Explain the rules before you punish them – It’s important to explain to kids what you expect of them before you punish them for a certain behavior. For example, the first time your 3-year-old uses crayons to decorate the kitchen counter. You should discuss why that is not allowed and what will happen if your child does this again. Explain to your child that he or she will have to clean the countertop and will not be able to use crayons for the rest of the afternoon. If your child does it again, remind him or her that crayons are for paper only and then enforce the consequences.
Be consistent when it comes to discipline – It’s sometimes easier for parents to ignore occasional bad behavior or fail to follow through on some threatened punishment. However, this risks setting a bad precedent. It is important for parents to decide together what the rules are and then be unswerving in upholding them. This makes it clear to your kids what behaviors will be punished.
Reward good behaviors – Discipline is not just about punishment. Parents need to remember to recognize good behavior. Praising your child for sharing his toys at the playground is more effective than punishing him for not sharing. Remember to be specific when praising your child. Don’t just say, “Good job!”
Monitor your child’s misbehavior – Try applying a chart system if your child is displaying an unacceptable, repetitive behavior. Put up a chart with a box for each day of the week and decide how many chances you will give your child to display the unacceptable behavior before punishing him or her. The chart can also display how long the proper behavior must be displayed before it is rewarded. Monitor your child’s behavior on a daily basis, giving your child a concrete look at how he or she is doing. Once this begins to work, do not forget to praise your child for learning to control misbehavior.

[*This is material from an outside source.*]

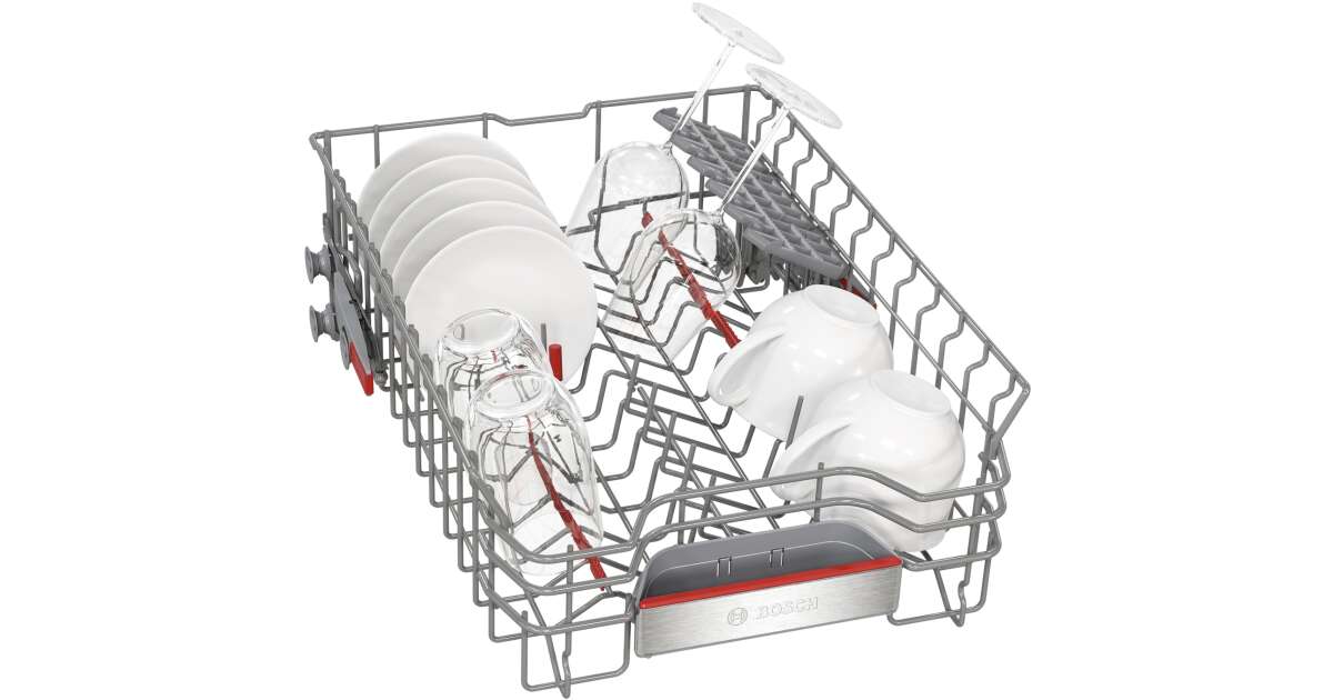 - Koše VarioFlex Pro a zásuvka VarioDrawer Pro: Maximálna flexibilita pri ukladaní riadu. Vďaka flexibilným prvkom a sklopným tŕňom môžete ľahko uložiť všetok riad, dokonca aj ten s najzvláštnejšími tvarmi. V zabudovanej tretej zásuvke je možné pohodlne uložiť aj príbory.

Timeouts can work well – Establish a suitable timeout place that is free from distractions like computers, TVs, and video games, and will force your child to think about how he or she has behaved. Consider the length of time that will best suit your child. Rule of thumb suggests one minute per year of age is a good basis to follow, or you can use the timeout until the child is calmed down.
Tell what is right – Inform your child on what is the right thing to do, not just tell your child what not to do. Instead of telling your child not to play with their food, you may want to remind them that foods should be eaten to make them healthy.